Ms. Shifrin’s video has been viewed nearly 20 million times. After she posted the video, the song “Gone,” which had been released eight years earlier, hit the U.S. Billboard Hot 100 chart at 18.

Ms. Shifrin understands why people are drawn to I quit videos. “One of the most relatable experiences is to feel mistreated in a work environment,” she said. Once posted, the videos “balance the power a little bit.”

The videos by Mr. DeFrancesco and Ms. Shifrin were a kind of performance art. Today’s quitting videos are less about presentation and more about specific complaints. Many feature minimum-wage workers, often young women.

In February 2020, Maria Kukulak recorded her decision to leave her job at Wendy’s because she said her new managers were “being really mean.” Ms.

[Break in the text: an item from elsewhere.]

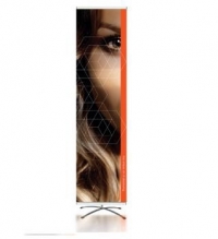 Display s podstavcom Cross.Kreativný, veľmi jednoduchý elegantný prezentačný systém pre uchytenie textilného banneru spôsobom click líšt. Variabilita výšky panelu do 250 cm.
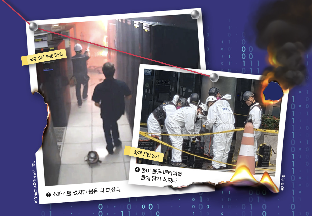 8시 18분 7초, 국정자원에서 배터리 작업자는 소화기를 들고 와 불꽃이 발생한 배터리에 뿌렸어요. 7초가 지난 뒤 배터리에서 다시 불꽃이 터지더니 배터리들이 모인 배터리팩 전체로 불꽃이 퍼졌어요. 8시 20분에 직원들이 소화기를 다시 뿌렸지만, 불은 오히려 더 크게 번졌어요. 8시 22분에는 전산실 전체에 연기가 자욱해졌습니다. 서버에 불이 붙으면서 서버에 있던 정보들도 사라졌습니다.

Kukulak says she’ll quit after completing her shift, “I’m going to sweep and then hop out the window.” Midway through the TikTok video, she learns that a manager labeled her “a lost cause.” She hops out the window as promised. “I’m not a lost cause and I quit,” she says to her boss. “Goodbye.”

Her video has been viewed over 15 million times. Ms. Kukulak now works as a personal trainer and does not make a living from TikTok, but would like to. “I love taking videos of myself,” she said in a recent interview. With 227,000 followers, she dreams of becoming a full-time content creator. “I feel I have talent,” she said.

Like Ms. Kukulak’s TikTok, the most popular videos tend to be dramatic and short; viewers come for the emotional punch, not for the details.

On Feb. 5, 2020, a McDonald’s manager named Nelly (she doesn’t reveal her surname in the video or on her account) had a co-worker film her joyously pressing the soft ice cream dispenser lever. “Let’s see how big we can get this cone! Free cone challenge!” she announces. Then she hands the cone through the window to a delighted driver as she declares: “I’m about to quit! Free cones! Free cones!”

Her video was viewed 6.5 million times.

Nelly later posted a thoughtful 18-minute video to YouTube in which she says she does not approve of companies that take advantage of their workers. As of the publication of this article, her in-depth explanation has a view count of 66.